- Born: 20 October 1893 Leytonstone, North London, England
- Died: 23 August 1918 (aged 24) Turnberry, Scotland
- Buried: Chingford Mount Cemetery, London, England
- Allegiance: British Empire
- Branch: Aviation
- Rank: Captain
- Unit: No. 4 Squadron RFC No. 19 Squadron RFC No. 84 Squadron RFC
- Awards: Military Cross with Bar, Belgian Order of Leopold and Croix de guerre

= James Martin Child =

British World War I flying ace

James Martin Child (20 October 1893 - 23 August 1918) was a World War I flying ace. A British citizen living in Canada when the war began, he returned home for service. After being assigned to the Royal Flying Corps, he was credited with eight aerial victories. He died while rescuing a fellow pilot from a crashed aircraft.

==Early life==
James Martin Child, son of Constance Octavio and Tylney Harris Child of Leytonstone, England, was born on 20 October 1893. The youthful Child moved to Canada, worked in a bank, and was a prospector for minerals.
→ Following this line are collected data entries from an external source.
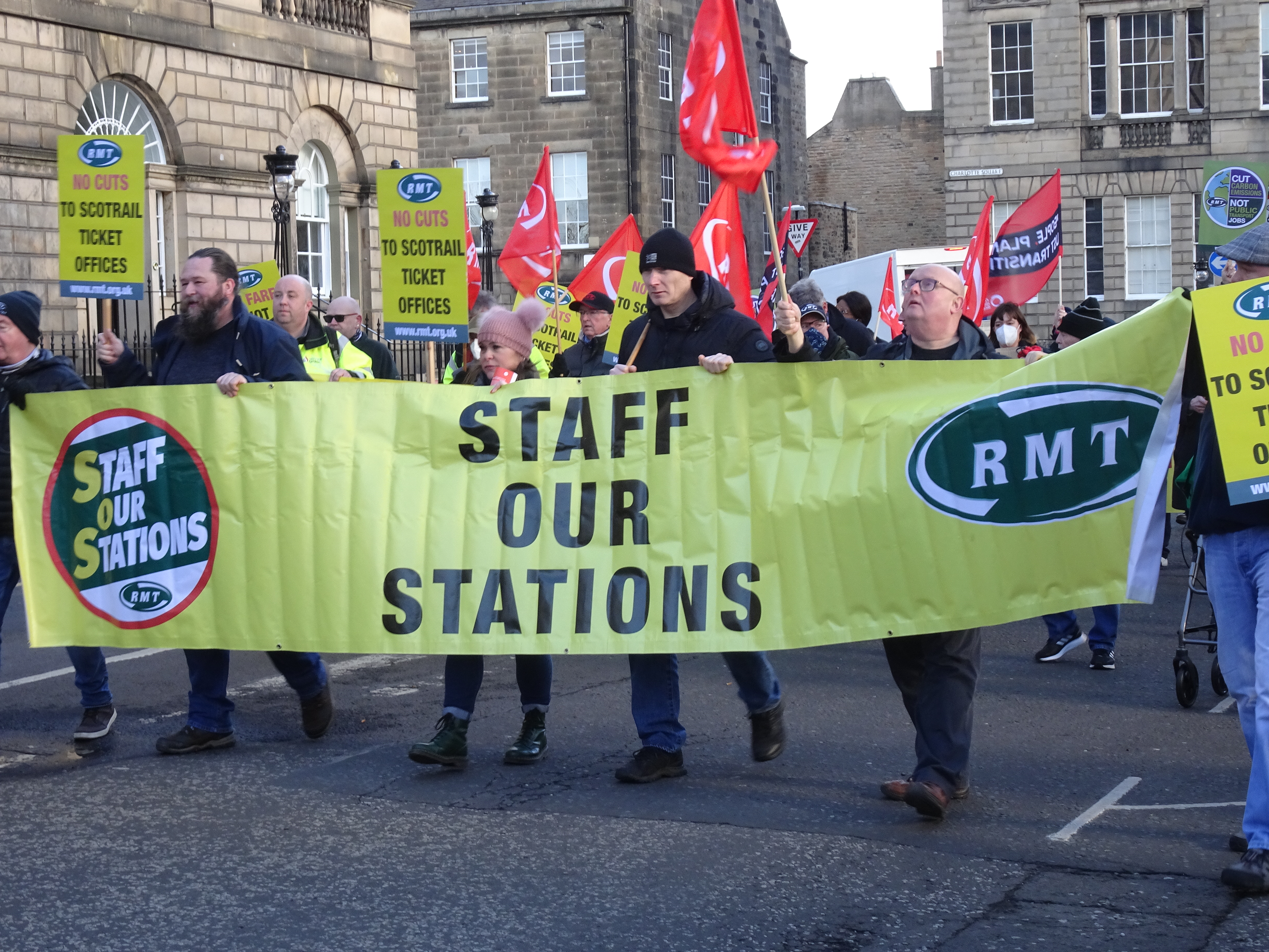 Solidarity with rail, ferry and energy workers, members of the RMT union who are protesting on Monday 31st January in Edinburgh. Assemble 11am on the Waverley Station concourse.
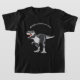 This boy’s tee shirt features a fearsome black and white T Rex Dinosaur on a black background.
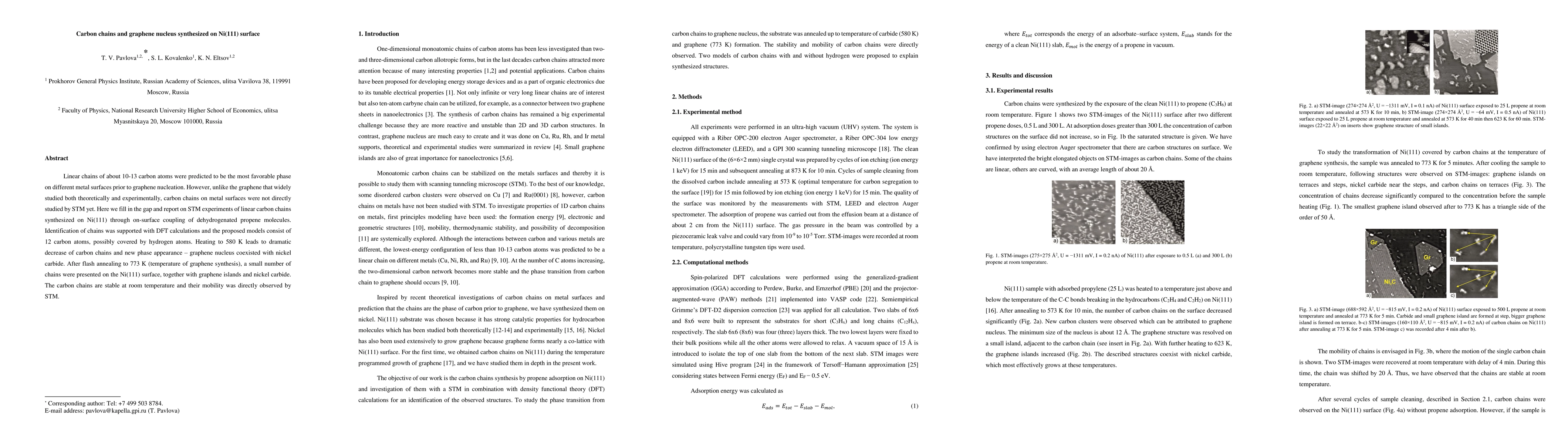 The paper presents experimental evidence and DFT modeling of linear carbon chains on Ni(111) synthesized from dehydrogenated propene, demonstrating their stability and transformation into graphene nuclei under controlled annealing.

He was still in Canada when the First World War started.

==World War I==
Child was a Canadian militia member; however, somehow he couldn't return to England with the Canadian Expeditionary Force, so he paid his own passage home to England. Once there, he was commissioned into the Durham Light Infantry. He then transferred to the Manchester Regiment. He was seconded to the Royal Flying Corps in the first half of 1916. He first served in No. 4 Squadron, but was posted to No. 19 Squadron in July 1916 as a Royal Aircraft Factory B.E.12 pilot.

He scored his first victory on 23 April 1917. On 12 May 1917, Second Lieutenant Child, who was already serving as a temporary lieutenant, was appointed a temporary captain for service as a Flight Commander. He was also Mentioned in Despatches. He scored three victories in all while flying Spad VIIs during April, May and June 1917 before he was removed from combat. Subsequently, on 28 September 1917, the King of Belgium invested him as a Chevalier in the Order of Leopold II.

He returned to combat as a flight commander in No. 84 Squadron and tallied five more victories during October and November 1917 while piloting Royal Aircraft Factory SE.5a serial number B562. Once again relieved from combat duty, he returned to England in February 1918, detailed as an instructor.

On 15 March 1918, he was awarded the Belgian War Cross. It was followed by the Military Cross, gazetted on 5 July 1918:

Lieutenant (Temporary Captain) James Martin Child, Manchester Regiment and Royal Flying Corps

For conspicuous gallantry and devotion to duty. While leading a patrol he encountered four enemy scouts, one of which he destroyed. On another occasion he attacked one of two enemy two-seater machines which he encountered over the enemy's lines. He disabled the machine, and skilfully turned it towards our lines, where the enemy pilot was forced to land and he and his observer were taken prisoner. On another occasion he attacked five enemy scouts, one of which he destroyed. He showed the greatest judgment and determination.

Child died rescuing fellow officers from the wreckage of a plane crash at Drakemyre, Scotland. His remains were repatriated and buried in Plot C.R. 7284 of Chingford Mount Cemetery in his native London. His brother, Jack Escott Child, as well as his sister, were subsequently interred in that same grave.